I also filmed scenes of negligence and cheating inside two examination halls in Amman and Madaba using a hidden camera.

I had agreed with a broker to purchase the questions of the Earth Sciences Level 3 exams for (US$141) to be solved by an expert teacher, and sent to a relative during the exam through a cell phone. The broker fell for the offer.

At 9am on 30 June 2012, I received an MMS containing a full image of the exam paper. The incident was recorded on video.

This investigation team managed to infiltrate five cells specialized in selling the questions and answers of the certification exam for the summer session in Madaba. We also identified similar cells in Salt, Sahab, al-Zarqa, and some areas of the capital, Amman.

The price list for answers for the Science Section exam questions began at JD25 ($35) and reached JD200 ($280) each. For the Literary Section, prices ranged between JD10 ($14) to over JD150 ($210). And for Information Management, JD15 ($21).

The price for a full exam sheet ranged between JD75 ($105) and JD1,000 ($1,400). It changed depending on the section, the subject’s difficulty, level, and reason of purchase.

Questions about ministerial history for the third and fourth levels in the literary section were purchased at the beginning of the two exams for JD75 ($106) each. They came from one of the cells in Madaba. The sheets did not contain any seals or names of students.

But it was obvious that the questions for third level history were photographed by one of the students. The answers booklet can be seen in the corners of the picture. This was duly documented by the investigating team.

The cells purchased and leaked the questions in order to relay solutions to students later during the exam, through mobile phones.

It was not just the questions. Most of the transactions were for the solutions, the students’ ultimate goal. We were able to purchase several different copies of 12 official exam questions for interdisciplinary subjects and the scientific, literary, and other sections from seven cells in Madaba, Sahab, and al-Zarqa.

After paying the required price, it was time to receive the solutions to the exam questions.

At the Abu Ubaydah (2) School’s Computer Sciences Level 3 examination hall in the city of Madaba, I sat for the exams as a privately tutored student.

Ten minutes into the meeting, my phone began to vibrate. The message contained the solutions to some of the questions. More messages followed and I jotted them down on the booklet.

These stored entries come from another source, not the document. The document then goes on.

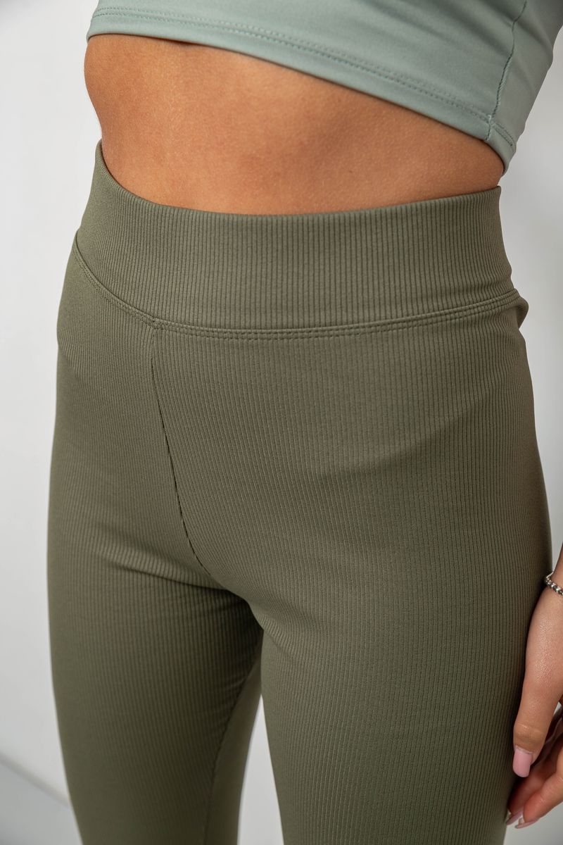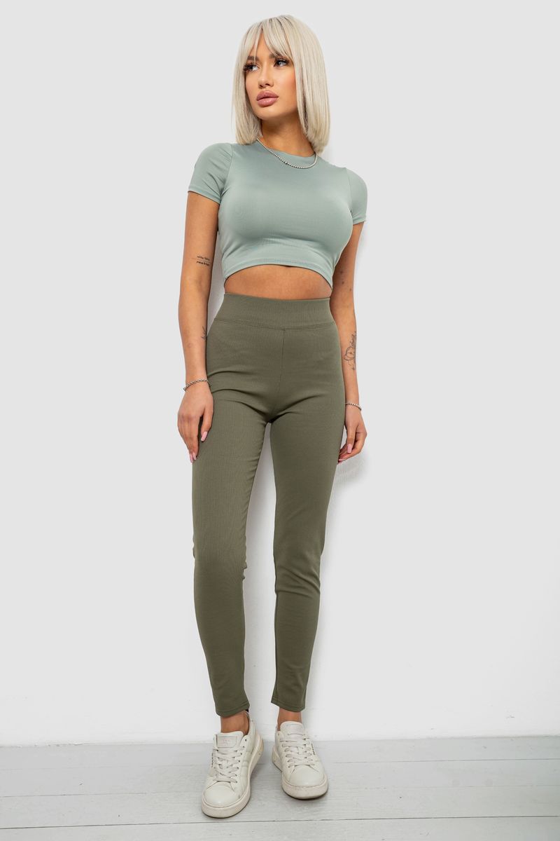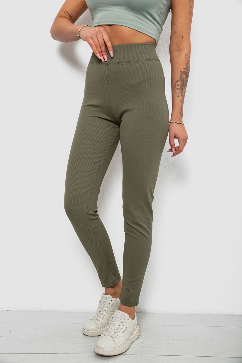 Лосины женские однотонные в рубчик на флисе, цвет оливковый, 214R325
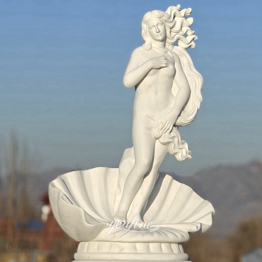 This marble Venus water fountain is inspired by Italian artist Sandro Botticelli’s painting “The Birth of Venus.” YouFine’s artist, deeply fascinated by mythology and well-versed in Venus’s story, meticulously carved vivid details into the marble, capturing Venus’s every expression.
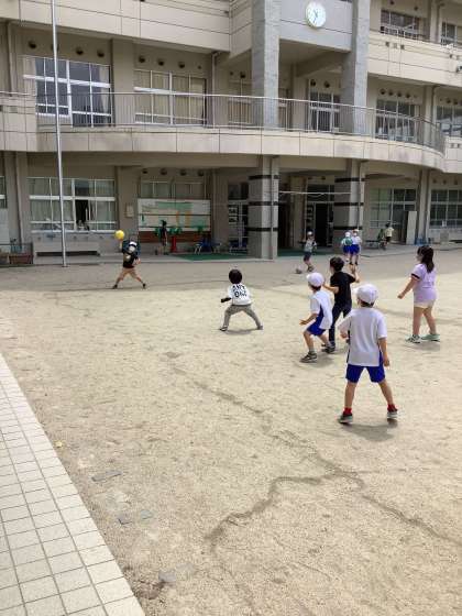 休み時間にドッジボールを始めました。
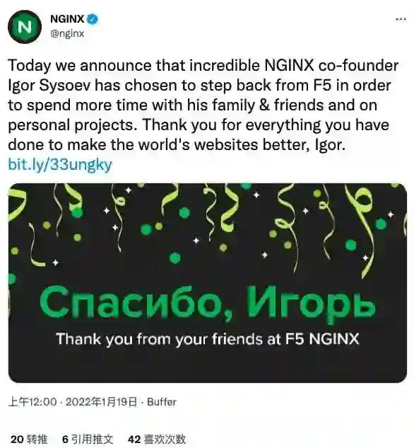 1 月 19 日,NGINX 在官方 Twitter 上宣布 NGINX 创始人 Igor Sysoev 从 F5 离职,以便将更多的时间留给陪伴家人和朋友,以及个人项目。NGINX 团队表示,“感谢他所做的一切让全世界的网站变得更好。”

The exam monitors looked uninterested, although they noticed that I was copying one answer after the other from my mobile phone. They merely warned me that I could be banned if the head monitor found out.

Organized Cells

Thirty minutes before the exam, a dark blue Hyundai Avante was parked outside the Abu Ubaydah school in Madaba. In it sat three young men. It was surrounded by students who were paying for questions whose answers would later be sent to their mobile phones during the exam.

Negotiations began with a typical question from the broker. “How many subjects do you have?” (He meant the number of fields they were taking exams for, to make sure they are not “free agents.”)

After agreeing on the price, Ahmed, the head of the cell, asked for the mobile number where the answers will be received. His partners quickly typed it on one of the ten phones they carried and moved on to another client.

This is how I purchased solutions for three exams from this “Hyundai cell” for JD15 ($21) each. The answers arrived ten minutes into the exam.

When I approached Ahmed the broker later to tell him about my true intentions, he categorically denied the incident.

One of the question-and-answer merchants is Aous (pseudonym), who was sitting for the certification exam.

I tried to convince the 18 year-old that I needed to buy the solutions for the BA section exams. We agreed on a time and place.

Outside the Madaba courthouse, I called Ahmed to inform him of my arrival. He came out from the coffee shop across the street and we sat on the sidewalk to negotiate.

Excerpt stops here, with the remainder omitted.